§ **WHAT NEEDS TO BE DONE**:
What is needed is an exact repetition of the lines from the first one in the data through the line with "A Delegacia Digital", with no pictures.

Records from a dataset
----------------------------------------

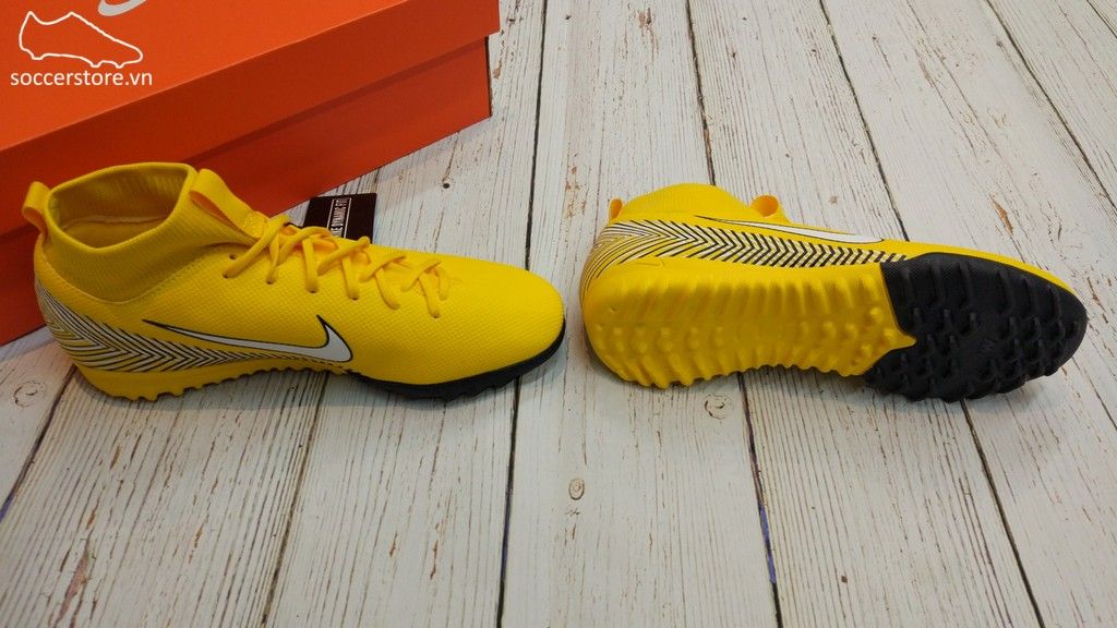 A pair of yellow and black Nike cleats with white laces are placed on a white wooden floor. The shoes are positioned with one shoe facing forward and the other shoe facing backward. The shoes are next to an orange box with the word'soccer' written on it. | Nike Mercurial Superfly VI Academy Neymar Kids TF- Amarillo/ White/ Black AO2887-710 | 4a84031bcf7490de8e2e75f2490aa51eab5ba60246ad748060e300e175005668 | 001401446731 | 0 | 0 | 47 | 12 | 0 | 0 | |
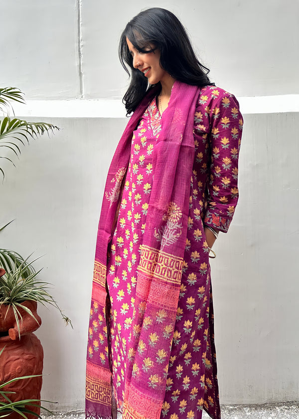Purple Cotton Block Print Suit & Kota Doria Dupatta
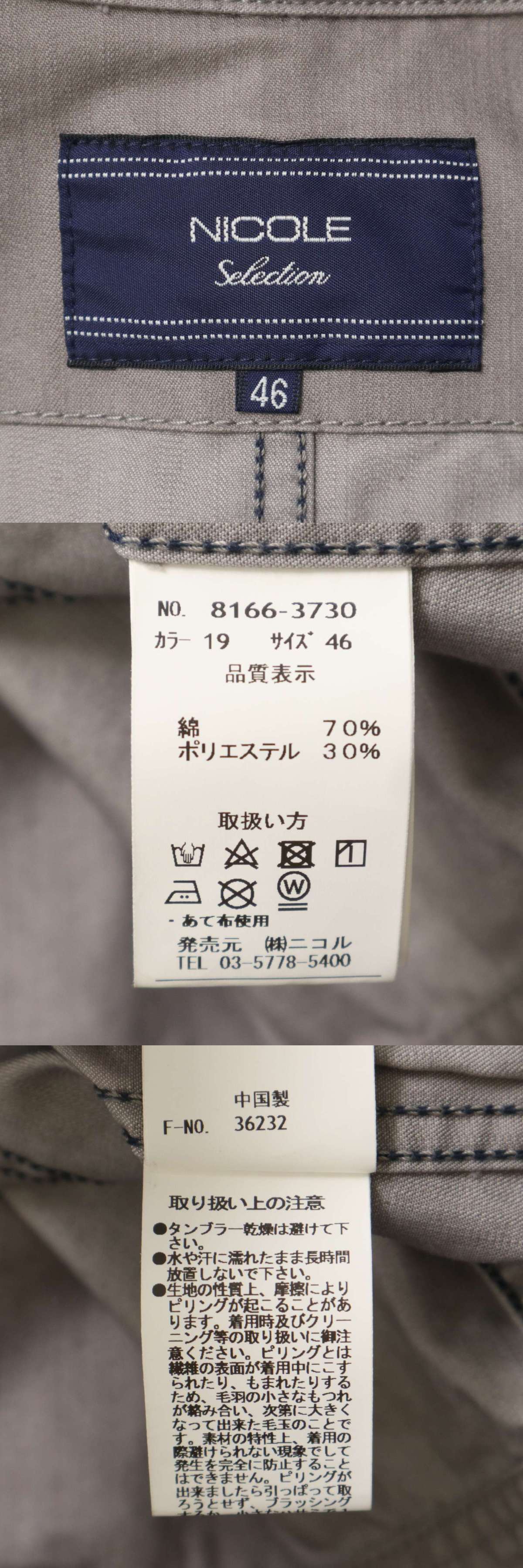 NICOLE Selection ニコル セレクション 通年★ スリム カラー トラッカー ジャケット Sz.46 メンズ グレー 收藏
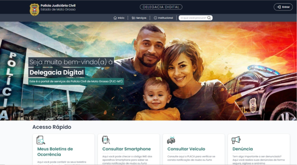 A Delegacia Digital reúne diversos serviços ofertados à população mato-grossense, como registros de boletins de ocorrências, consultas a veículos e telefones, solicitação de medidas protetivas, registros de pessoas desaparecidas, entre outras funcionalidades.
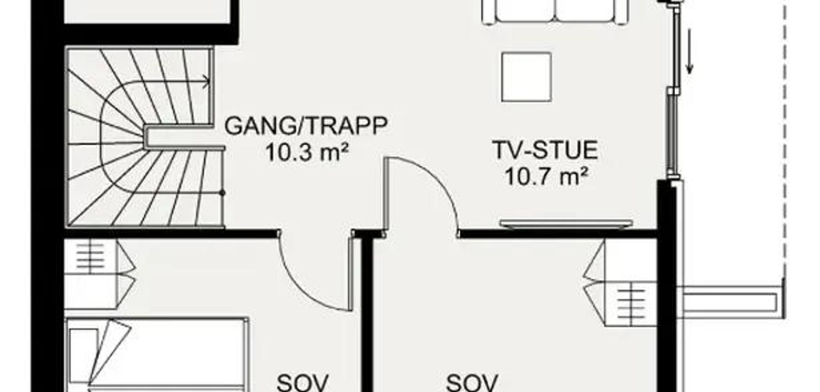 På grunn av den skrå tomten ligger adkomsten til huset på øvre plan, med en stor overbygget carport og sportsbod som skaper et flott inngangsparti og tilknytning til huset. Inne i huset finner du alle nødvendige hovedfunksjoner på ett plan, inkludert stue, kjøkken, bad og soverom. Det store fellesrommet, som kombinerer både kjøkken og stue, har et flott hjørnevindu og store vindusflater som gir mye lys og karakter. Du har også tilgang til en lang balkong fra stuen gjennom en skyvedør i glass som skaper en fin åpenhet på varme dager.

----------------------------------------

§ **EXPECTED OUTPUT**:
 A pair of yellow and black Nike cleats with white laces are placed on a white wooden floor. The shoes are positioned with one shoe facing forward and the other shoe facing backward. The shoes are next to an orange box with the word'soccer' written on it. | Nike Mercurial Superfly VI Academy Neymar Kids TF- Amarillo/ White/ Black AO2887-710 | 4a84031bcf7490de8e2e75f2490aa51eab5ba60246ad748060e300e175005668 | 001401446731 | 0 | 0 | 47 | 12 | 0 | 0 | |
Purple Cotton Block Print Suit & Kota Doria Dupatta
 NICOLE Selection ニコル セレクション 通年★ スリム カラー トラッカー ジャケット Sz.46 メンズ グレー 收藏
 A Delegacia Digital reúne diversos serviços ofertados à população mato-grossense, como registros de boletins de ocorrências, consultas a veículos e telefones, solicitação de medidas protetivas, registros de pessoas desaparecidas, entre outras funcionalidades.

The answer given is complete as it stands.